Ya vimos en la entrega anterior como Dios sale siempre en auxilio de Lazarillo. Puede parecer una coincidencia de motivos el milagro y el segundo capítulo de la novela, pero lo cierto es que cuando más tarde el cura está contando los panes para ver si le falta alguno, el niño dice para sí: ¡San Juan y ciégale!
A un buen número de santos podría atribuírsele la facultad milagrosa de dar la vista a quien carece de ella, pero de lo contrario, de quitarla, ya no tanto. De hecho, la tradición paremiológica solo nos ha dejado el ejemplo del ¡Ciégale, San Antón! Pero aunque no haya dejado rastro en el refranero, la hagiografía de San Juan de Ortega sí registra un milagro en el que quitó la vista a alguien. Se trata de un pescador que tiró una hierba ponzoñosa al agua de un arroyo a fin de matar los peces y cogerlos fácilmente. El santo le rogó que no lo hiciera para no contaminarle el agua que bebía. El pescador no le escuchó, tiró el veneno, mató muchos peces pero al irlos a coger no pudo porque se quedó ciego. Al final, el pescador acude a ver al santo para que le perdone y recupera la vista.
Otro milagro de San Juan de Ortega tiene que ver con el vino, al que tan aficionado era Lazarillo de niño y de adulto, ya que acabará pregonando vinos en Toledo. En este caso la leyenda relata que cuando murió el santo su sobrino convidó a las exequias a unas 300 personas. En una cuba pequeña solo quedaba un palmo de vino pero eso fue suficiente para que bebieran todos.

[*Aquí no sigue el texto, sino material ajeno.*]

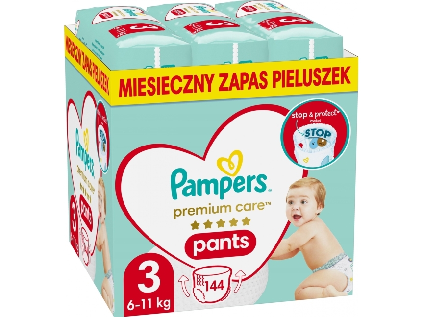 Pampers Pants Diaper Pants Size 3 144 Pieces Premium Care Diapers With Stop & Protect Anti-Leakage Back Size 3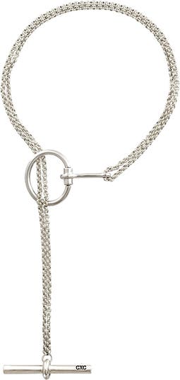 A necklace with the personality of the innovative, with a bead that is a reinvention of the traditional equestrian "bit". The model is produced in metal alloys with silver plating. Model also available with the "bit" in silver. Exclusive CXC design, handcrafted in Spain.

Con los milagros de San Juan de Ortega como indicios de que un fraile con su mismo nombre escribió el Lazarillo pasa como con el refrán de las golondrinas y el verano; una sola no significa que viene el buen tiempo, pero si se ven algunas más habrá que sospechar que está cerca.
Es lo que ocurre con un nuevo milagro. En esta ocasión se trata de una mujer que tuvo una hija gracias a la intercesión del santo. Estando una vez lavando junto a una aceña la niña cayó al agua en medio de la corriente. La madre gritó ¡Válgame San Juan de Ortega! y, habiendo pasado bajo la rueda del molino que giraba con enorme fuerza, la niña salió del agua sana y riéndose. Es como si el santo estuviera debajo para sacarla indemne. Recuérdese que Lázaro de Tormes nace bajo un molino de agua, lo cual no tendría nada de particular si no fuera por esta sucesión de coincidencias con los milagros del santo.
Y una nueva coincidencia para terminar este artículo. El Archivo de la Chancillería de Valladolid ha conservado el pleito que el concejo de la villa de Alba de Tormes tuvo con el monasterio jerónimo a cuenta de las aceñas del convento, dado que gente de otras poblaciones atravesaba la dehesa comunal y sus animales se comían los pastos. Los vecinos de Alba se quejaban de que los frailes, que se quedaban con una parte de la harina (la maquila), habían instalado más ruedas para moler más cantidad de trigo, lo que reducía considerablemente los pastos de la dehesa al estar más concurrida. El académico Claudio Guillén, que se inclinaba por fray Juan de Ortega como autor del Lazarillo, reparó en la existencia de estas aceñas que pertenecían al monasterio y pensó que podían haber inspirado al autor para hacer nacer a su personaje en un molino con un padre molinero ladrón.